Chinese Cricket Club lies in the heart of Central London at the Crowne Plaza Hotel, naming itself after the original Chinese National Cricket Team. The authentic restaurant is holding Dim Sum masterclasses for fans of the lip-smacking dish and where better to learn than at this first class venue, holder of an AA Rosette. While executive head chef Ken Wang describes and explains the method behind the traditional Chinese dish, with 20 years of experience under his belt, the Hakkasan-trained chef Mai Lin illustrates the delicate technique, showing that Dim Sum is a truly artistic affair. Better yet, one whereby we get to taste the masterpiece at the end.
As we made our way to 19 Bridge Street in Blackfriars, we pondered on the origins of the word Dim Sum, later learning that it means ‘touch the heart’ in Cantonese Chinese because of the small yet satisfying portions. The staff warmly welcomed us in with a glass of Prosecco with lychee, before we sat down to an evening of training and treats for the reasonable price of £35 per person. Once we were kitted out in a chef hat and apron, we made our way to the demonstration table where all the fillings are already prepared for you. The Dim Sum at Chinese Cricket Club are all freshly prepared on the day and trust us, it pays off.

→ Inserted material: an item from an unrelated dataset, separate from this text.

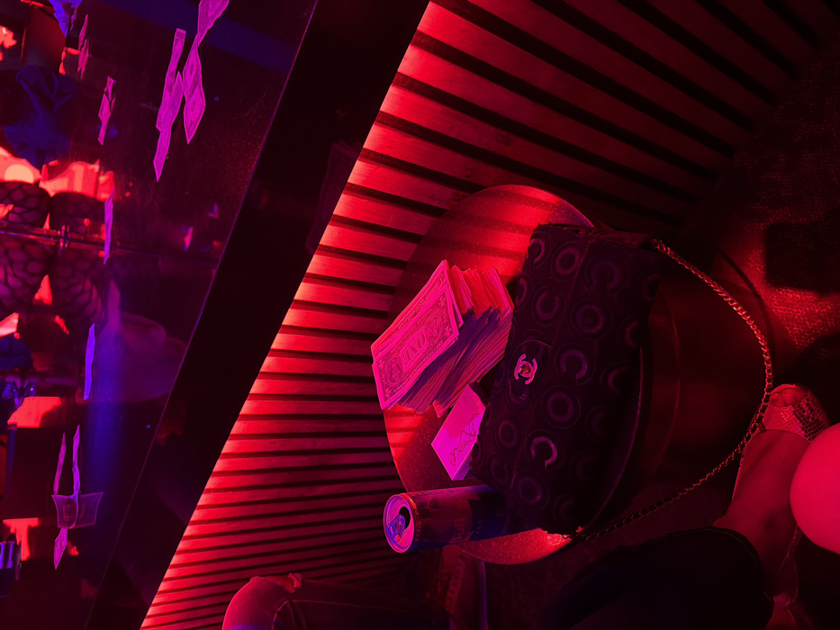 A scene awash in red light reveals a small round table. Atop it rests a thick stack of one-dollar bills, a designer purse with a silver chain, an open soda can, and a business card. Fragmented money hangs decoratively against a black wall illuminated with purple light. A striped background creates a linear depth to the composition. A person's foot with a light-colored shoe and pink balloon adds a human element.

The Masterclass is extremely well-organised, with the lessons becoming more challenging along the way. We began the class with the simplest but all-time favourite spring roll, encased in a crispy deep-fried cylindrical pastry and bursting with flavour. Mai Lin showed us the ropes, illustrating the technique of rolling the pastry and using a drop of water to mould it into place. Each time we created a new Dim Sum, our previous creation would be sent to the kitchen, ready for us to enjoy after each lesson. Rather than a feast at the end of the class, the masterclass enabled the Dim Sum to do their job and truly touch the heart at each interval. Especially when paired with the warming Jasmine Tea, which was poured into ornate tea-cups throughout the evening.
Our favourite Dim Sum was the Scallop and Prawn Sui Mai, an open-wrapped steamed dumpling which dates back to the Song Dynasty. Folding these dumplings into the right basket shape was a real test but with the help of Mai Lin and Ken Wang, we got there in the end. The chefs at Chinese Cricket Club make it look easy, handcrafting 800 Dim Sum a day with unbelievable speed and skill. A bit of competitive spirit could also be felt around the table, as we waited to see whose Sui Mai stayed standing after being steamed to perfection.
With a departure gift comprising of chopsticks, the recipe booklet, a flowering tea and a dinner voucher, new-found skills can be put to practise at home.